> **HOW TO COMPLETE THIS TASK**
Copy exactly the line containing "11月29日,航天科技人員在" and all the lines that follow it to the end of the records, minus the pictures.

> **SOURCE INFORMATION**
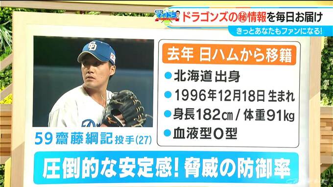 去年、日本ハムファイターズから移籍してきました。北海道出身、1996年12月18日生まれの27歳です。身長182センチ、体重91キロ。圧倒的な安定感で、脅威の防御率。ドラゴンズには、なくてはならない左のリリーバーです。
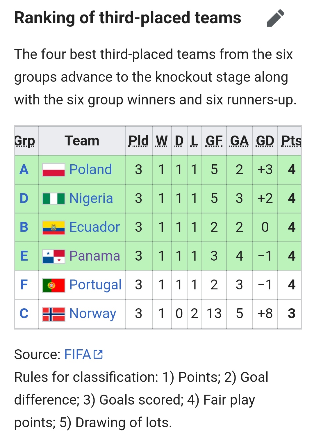 จะเห็นได้ว่าจากการที่นอรเวย์พยายามเอาชนะฮอนดูรัส12-0เพื่อให้ได้ผลต่างประตูได้เสียบวกมากที่สุด แต่ก็ยังไม่พออยู่ดี หรือแม้กระทั่งโปรตุเกสที่มี4คะแนนแต่ก็ยังตกรอบ
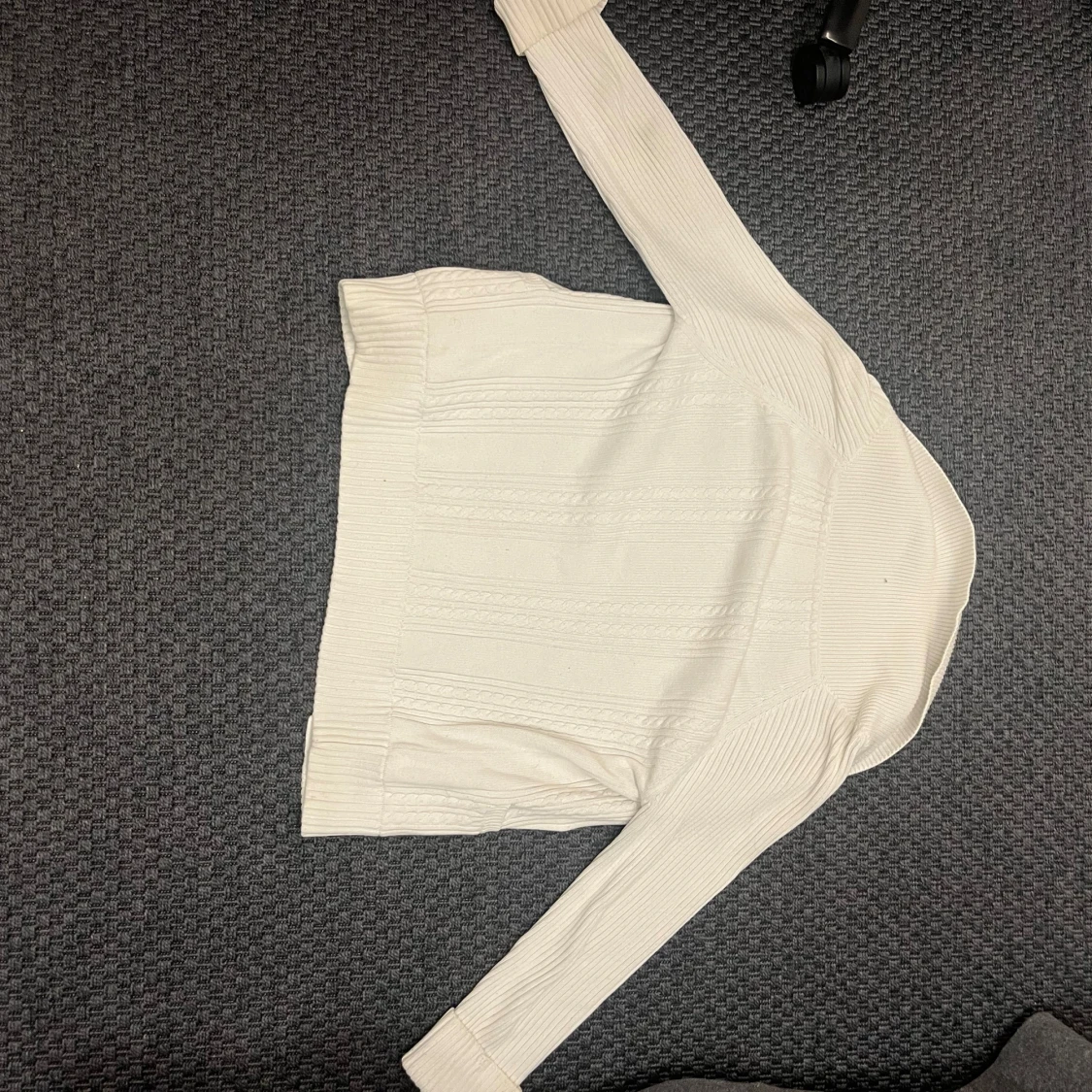 Säljer en stilren vit stickad kofta från WILVORST LLOYD. Koftan har långa ärmar, knappar framtill och ett diskret mönster i stickningen. Perfekt för lager-på-lager och passar till många olika outfits. Väldigt Grisch!
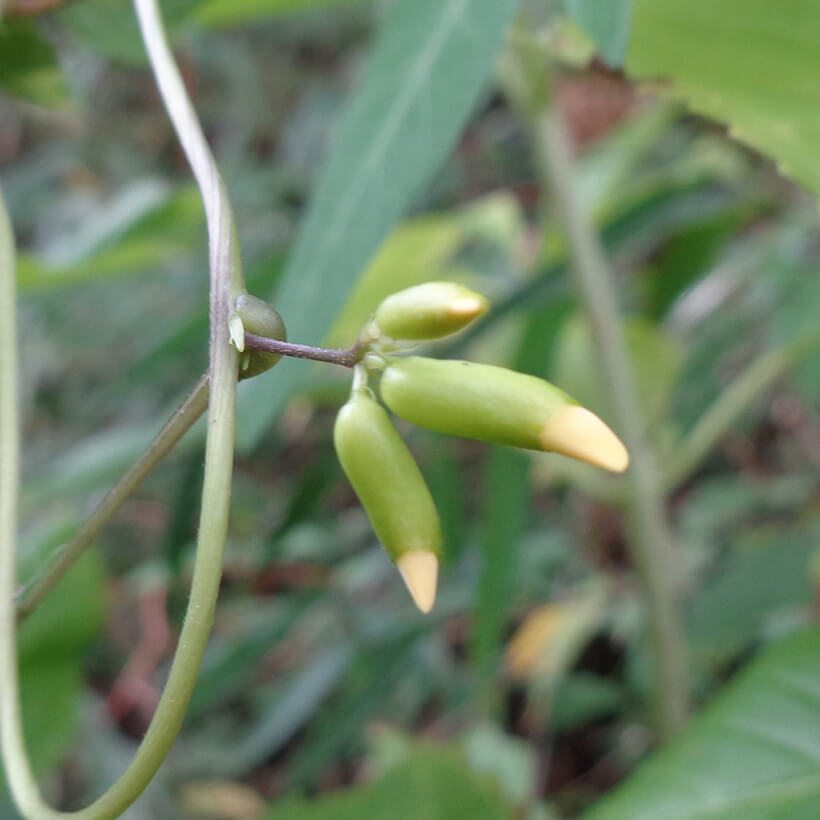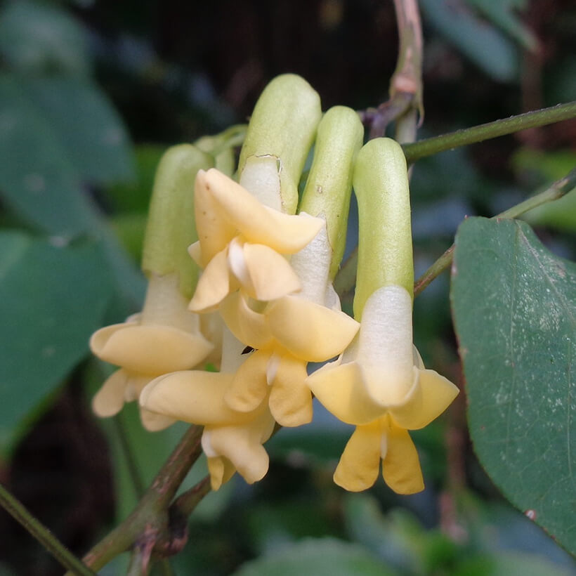②野大角豆(ノササゲ)が咲いています。黄色の蝶形の花を咲かせ、ツルでどんどん伸びて他の植物に絡み付いています。
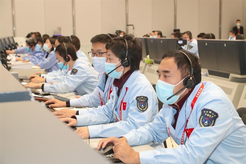 11月29日,航天科技人員在北京飛行控制中心工作。新華社發(fā)(北京航天飛行控制中心供圖)
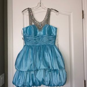 Light blue and fluffy at the bottom with rhinestones straps. NO STAINS OR RIPS Brand new NWT
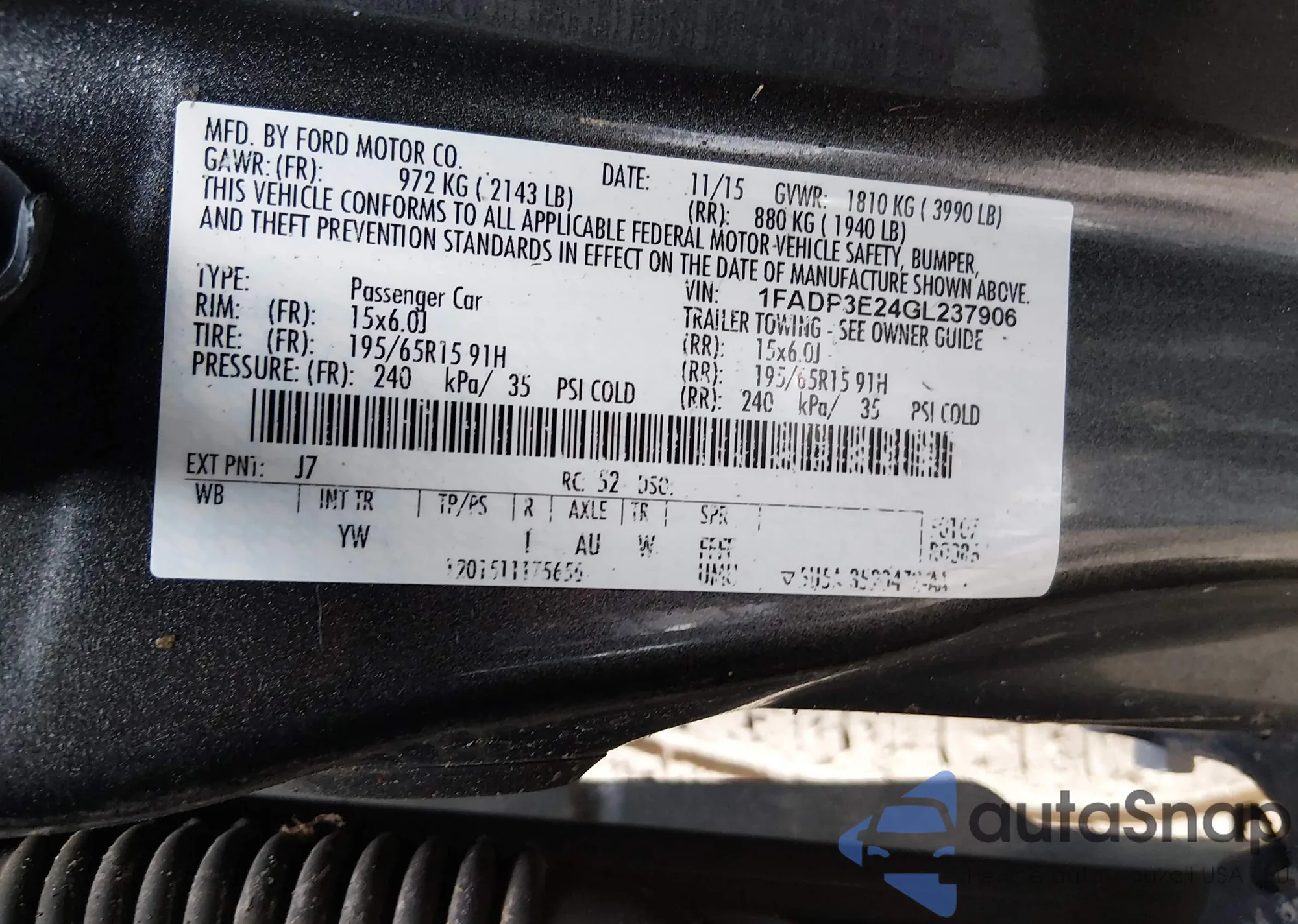 • VIN 1FADP3E24GL237906

> **TASK RESULT**
 11月29日,航天科技人員在北京飛行控制中心工作。新華社發(fā)(北京航天飛行控制中心供圖)
 Light blue and fluffy at the bottom with rhinestones straps. NO STAINS OR RIPS Brand new NWT
 • VIN 1FADP3E24GL237906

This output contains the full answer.